Abstract:
A clock recovery circuit is disclosed for recovering the data of a non-return to zero signal received at an optical transceiver. The clock recovery circuit includes an active element mixer for doubling the frequency of the received non-return to zero encoded digital signal. The mixer includes a delay element for delaying the received non-return to zero signal and an exclusive-OR circuit for exclusive-ORing the delayed and received non-return to zero signals. A SAW filter is also provided for recovering a clock from the frequency doubled signal outputted by the mixer.

Description:
This is a continuation of application Ser. No. 08/603,357, filed Feb. 20, 1996, now abandoned, which is continuation of application Ser. No. 08/400,280 filed on Mar. 3, 1995, now abandoned, which is a continuation of application Ser. No. 07/949,169 filed on Sep. 22, 1992, now abandoned. 
    
    
     FIELD OF THE INVENTION 
     The present invention relates to recovering a remote clock from a digital signal transmitted by optical radiation. In particular, the invention relates to a mixer with active, rather than passive, circuit elements which doubles the frequency of a received non-return to zero digital signal. The output signal of the mixer, therefore, need not be amplified prior to filtering the clock therefrom. 
     BACKGROUND OF THE INVENTION 
     An optical communication system 10 is depicted in FIG. 1. As depicted, the system 10 has two optical transceivers 12 and 14. Each optical transceiver, e.g., the optical transceiver 12, is capable of simultaneously transmitting optical signals to, and receiving optical signals from, the other optical transceiver, e.g., the optical transceiver 14. Illustratively, optical signals transmitted by the optical transceivers 12 and 14 are coupled into one or more optical fibers 16. The optical signals propagate on the optical fibers 16 from one optical transceiver to the other where they are received. 
     Optical signals may illustratively be transmitted pursuant to the Synchronous Optical Network (SONET) signal hierarchy. SONET refers to a hierarchical family of digital signals whose bit rates are integer multiples of a basic module signal. The basic module signal comprises a sequence of repeating frames. Each frame comprises a bit stream of digital bits. 

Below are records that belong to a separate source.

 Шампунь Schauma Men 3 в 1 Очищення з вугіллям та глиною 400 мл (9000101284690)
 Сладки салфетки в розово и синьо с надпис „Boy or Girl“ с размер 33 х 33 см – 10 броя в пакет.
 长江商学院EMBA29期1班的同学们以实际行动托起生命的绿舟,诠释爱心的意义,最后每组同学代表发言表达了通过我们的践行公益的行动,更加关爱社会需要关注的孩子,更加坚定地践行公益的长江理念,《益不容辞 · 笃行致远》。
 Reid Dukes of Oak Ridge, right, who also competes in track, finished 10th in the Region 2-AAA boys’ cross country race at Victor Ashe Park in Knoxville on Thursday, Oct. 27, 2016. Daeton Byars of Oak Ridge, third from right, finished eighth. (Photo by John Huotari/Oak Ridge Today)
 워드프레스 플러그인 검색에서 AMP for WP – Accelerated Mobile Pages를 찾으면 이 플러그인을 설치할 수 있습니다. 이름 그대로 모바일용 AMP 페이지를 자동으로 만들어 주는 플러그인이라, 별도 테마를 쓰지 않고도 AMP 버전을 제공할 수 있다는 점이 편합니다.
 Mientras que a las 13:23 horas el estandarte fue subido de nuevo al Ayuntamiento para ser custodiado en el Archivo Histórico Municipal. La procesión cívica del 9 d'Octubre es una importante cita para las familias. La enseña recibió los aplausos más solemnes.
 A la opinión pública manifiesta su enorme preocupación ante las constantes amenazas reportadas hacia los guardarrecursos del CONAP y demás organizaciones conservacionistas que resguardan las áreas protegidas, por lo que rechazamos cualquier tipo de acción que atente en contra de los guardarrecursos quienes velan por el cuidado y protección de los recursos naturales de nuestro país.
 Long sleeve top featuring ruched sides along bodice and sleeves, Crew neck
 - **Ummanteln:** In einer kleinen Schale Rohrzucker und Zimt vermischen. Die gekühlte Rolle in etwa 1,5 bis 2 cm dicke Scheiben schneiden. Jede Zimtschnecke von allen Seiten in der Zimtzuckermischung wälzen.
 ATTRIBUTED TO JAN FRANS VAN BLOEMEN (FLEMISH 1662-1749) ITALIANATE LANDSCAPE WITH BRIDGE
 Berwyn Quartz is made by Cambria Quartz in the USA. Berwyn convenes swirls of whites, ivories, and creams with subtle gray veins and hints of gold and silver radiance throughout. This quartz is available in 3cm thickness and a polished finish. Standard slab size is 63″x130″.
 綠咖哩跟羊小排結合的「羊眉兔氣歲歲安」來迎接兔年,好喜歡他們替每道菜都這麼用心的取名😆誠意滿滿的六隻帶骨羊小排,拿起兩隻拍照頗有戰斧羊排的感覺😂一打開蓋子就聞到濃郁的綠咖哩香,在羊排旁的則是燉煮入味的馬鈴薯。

     The basic module or first level of the SONET signal hierarchy is called the Synchronous Transport Signal-Level 1 (STS-1). An STS-1 signal has a bit rate of 51.84 million bits per second (Mb/sec). Higher rate SONET signals are obtained by byte interleaving N frame aligned STS-1 signals to form an STS-N signal in accordance with conventional SONET technology. For example, three STS-1 signals may be multiplexed by a multiplexer into an STS-3 signal. The bit rate of the STS signal is three times the bit rate of an STS-1 signal or 3×51.84 Mb/sec=155.52 Mb/sec. When transmitted using optical fibers, the STS-N signal is converted to optical form and is designated as the OC-N signal. 
     Referring now to FIG. 2, the receiver portion 20 of a conventional optical transceiver, e.g., the optical transceiver 12, is depicted. Illustratively, such an optical transceiver 12 is part of an OC-3 optical communication system 10 (see FIG. 1). Received optical signals impinge on a photodetector 22. Illustratively, the photodetector is a pin-FET photodiode. The photodetector 22 converts the received optical signals into electrical signals. Illustratively, the photodetector 22 additionally amplifies the electrical signals. 
     An electrical signal outputted by the photodetector 22 is inputted to a limiting amplifier 24. The limiting amplifier 24 amplifies the signal outputted by the photodetector 22 to an acceptable level for further processing. For example, the amplifier 24 outputs a signal with a 0.6 volt peak to peak amplitude. The signal outputted by the photodetector 22 may also be inputted to a low-light indicator circuit 26. Illustratively, the low-light indicator circuit 26 monitors the intensity of the received light. In such a case, the low-light indicator circuit 26 displays a warning (e.g., via an LED display) if the received optical energy falls below a certain threshold (e.g., -38 dBm). 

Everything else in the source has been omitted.